_Problem statement_
Repeat the records below exactly from the line containing "RED MIRROR EMBROIDERED LINEN VISCOSE KURTA" to the line containing "标题:汇编在2025年市委党建引领基层高效能治理工作推进会上的讲话", taking in both of those lines. Drop the pictures.

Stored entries
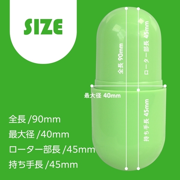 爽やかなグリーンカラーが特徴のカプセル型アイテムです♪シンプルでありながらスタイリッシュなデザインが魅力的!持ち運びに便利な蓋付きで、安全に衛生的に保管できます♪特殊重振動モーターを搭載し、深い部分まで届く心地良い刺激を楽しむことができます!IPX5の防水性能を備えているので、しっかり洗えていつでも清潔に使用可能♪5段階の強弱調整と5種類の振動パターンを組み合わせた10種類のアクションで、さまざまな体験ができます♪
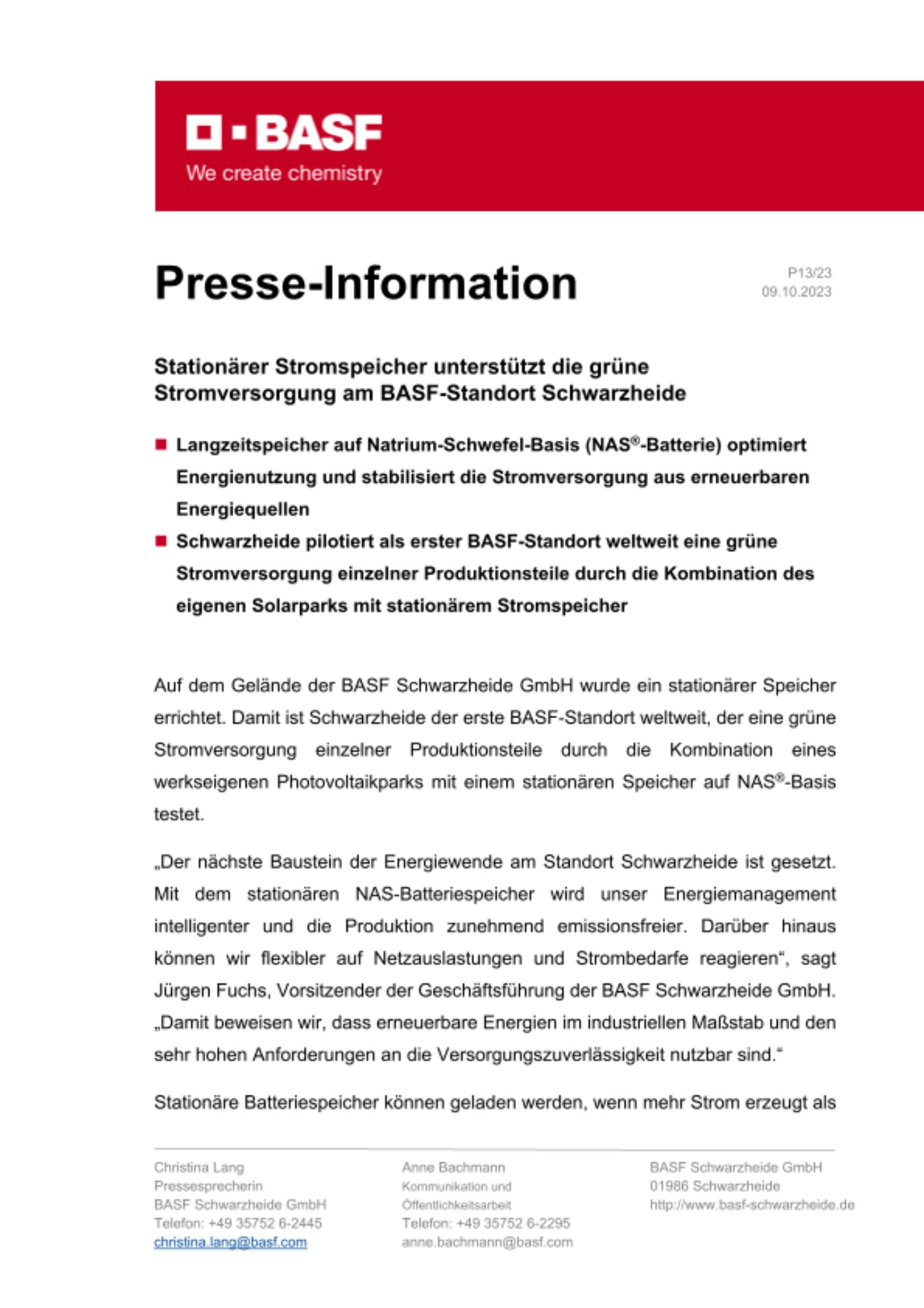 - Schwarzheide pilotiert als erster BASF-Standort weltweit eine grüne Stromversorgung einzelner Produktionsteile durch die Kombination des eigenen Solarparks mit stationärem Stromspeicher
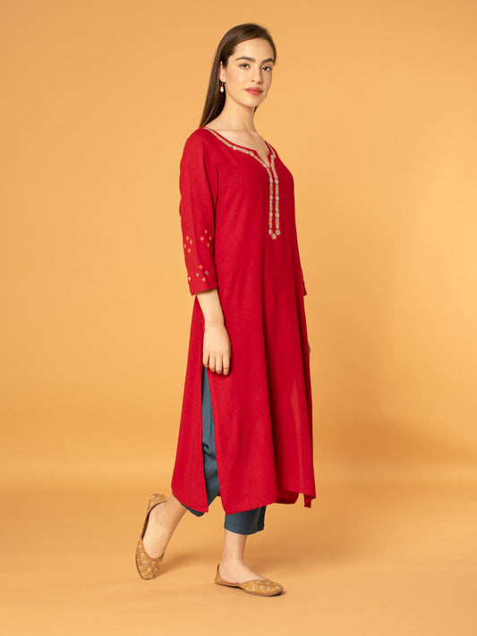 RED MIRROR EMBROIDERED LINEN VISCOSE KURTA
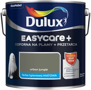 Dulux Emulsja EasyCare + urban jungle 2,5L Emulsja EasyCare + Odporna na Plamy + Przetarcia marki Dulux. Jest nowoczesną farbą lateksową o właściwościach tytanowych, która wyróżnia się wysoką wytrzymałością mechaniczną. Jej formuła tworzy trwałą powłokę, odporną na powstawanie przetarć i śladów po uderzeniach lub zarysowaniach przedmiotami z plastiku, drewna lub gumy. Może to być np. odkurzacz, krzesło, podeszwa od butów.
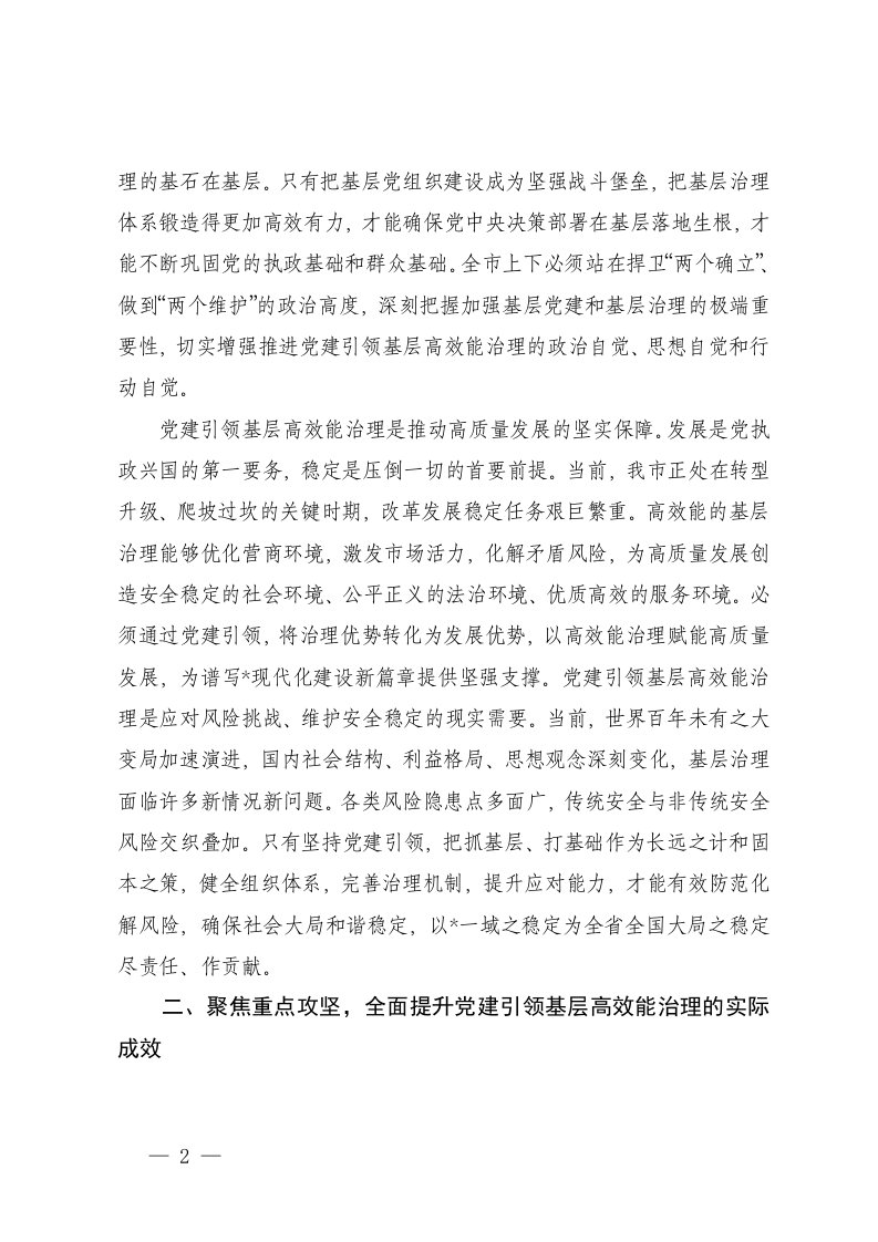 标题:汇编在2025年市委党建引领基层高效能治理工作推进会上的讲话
* * *
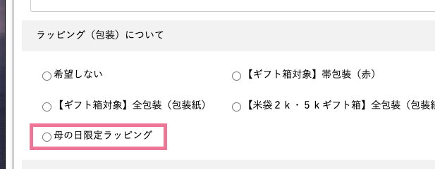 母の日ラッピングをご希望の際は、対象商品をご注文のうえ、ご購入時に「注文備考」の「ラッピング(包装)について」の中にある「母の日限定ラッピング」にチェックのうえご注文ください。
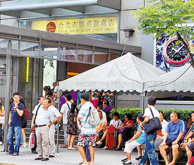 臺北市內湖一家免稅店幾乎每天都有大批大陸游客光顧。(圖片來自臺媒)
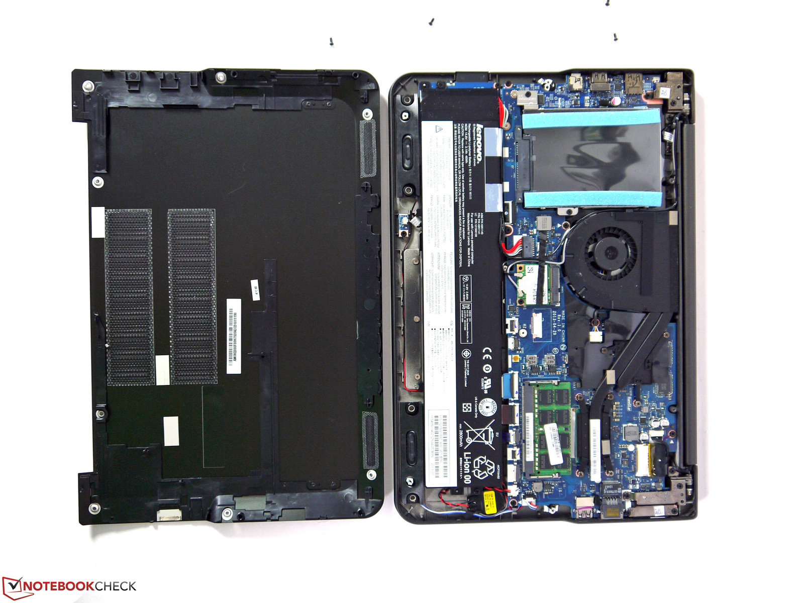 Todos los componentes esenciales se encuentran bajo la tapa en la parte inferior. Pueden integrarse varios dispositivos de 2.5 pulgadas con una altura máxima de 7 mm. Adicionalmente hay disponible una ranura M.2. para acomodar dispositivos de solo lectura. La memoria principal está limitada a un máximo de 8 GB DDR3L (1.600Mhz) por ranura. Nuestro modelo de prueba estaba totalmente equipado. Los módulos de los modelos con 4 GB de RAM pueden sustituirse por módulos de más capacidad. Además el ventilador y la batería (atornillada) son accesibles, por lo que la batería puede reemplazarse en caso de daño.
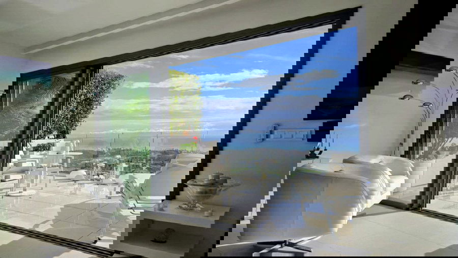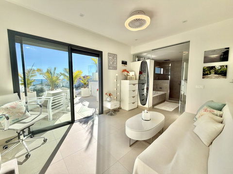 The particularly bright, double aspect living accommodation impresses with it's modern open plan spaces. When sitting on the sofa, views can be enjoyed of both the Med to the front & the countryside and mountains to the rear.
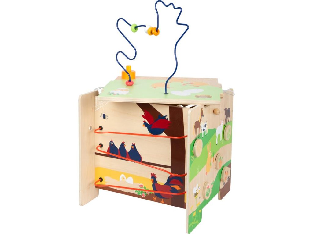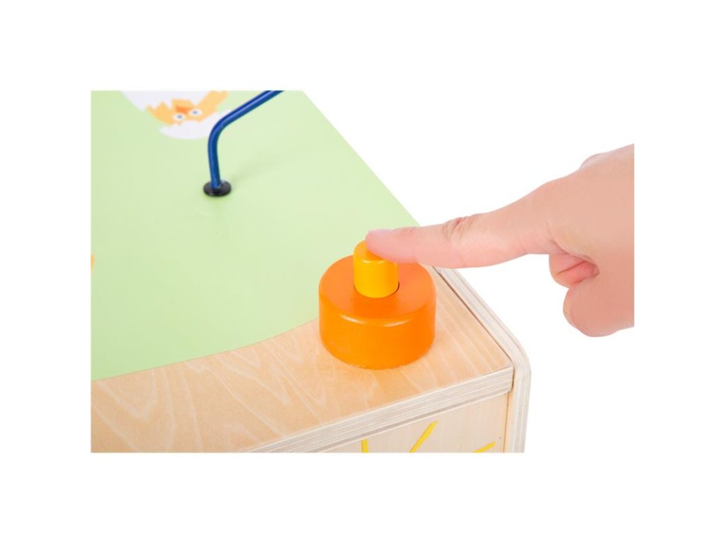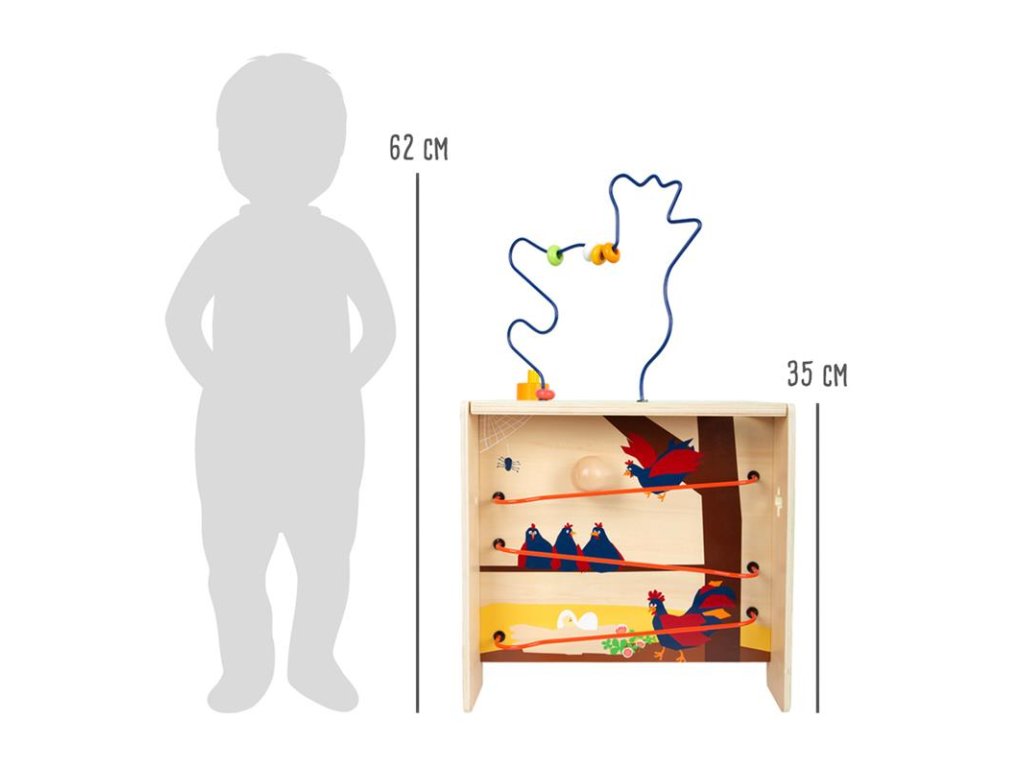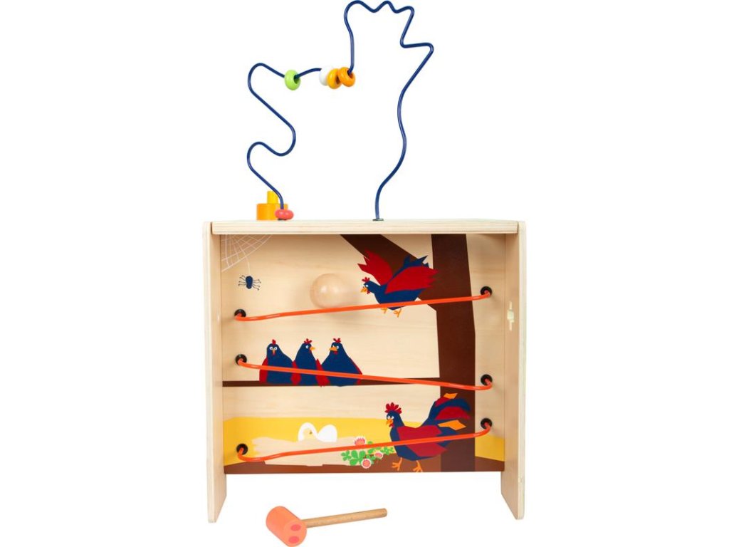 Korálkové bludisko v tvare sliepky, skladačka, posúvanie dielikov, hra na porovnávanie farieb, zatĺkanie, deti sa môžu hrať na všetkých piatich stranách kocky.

_Answer space_
 RED MIRROR EMBROIDERED LINEN VISCOSE KURTA
 Dulux Emulsja EasyCare + urban jungle 2,5L Emulsja EasyCare + Odporna na Plamy + Przetarcia marki Dulux. Jest nowoczesną farbą lateksową o właściwościach tytanowych, która wyróżnia się wysoką wytrzymałością mechaniczną. Jej formuła tworzy trwałą powłokę, odporną na powstawanie przetarć i śladów po uderzeniach lub zarysowaniach przedmiotami z plastiku, drewna lub gumy. Może to być np. odkurzacz, krzesło, podeszwa od butów.
 标题:汇编在2025年市委党建引领基层高效能治理工作推进会上的讲话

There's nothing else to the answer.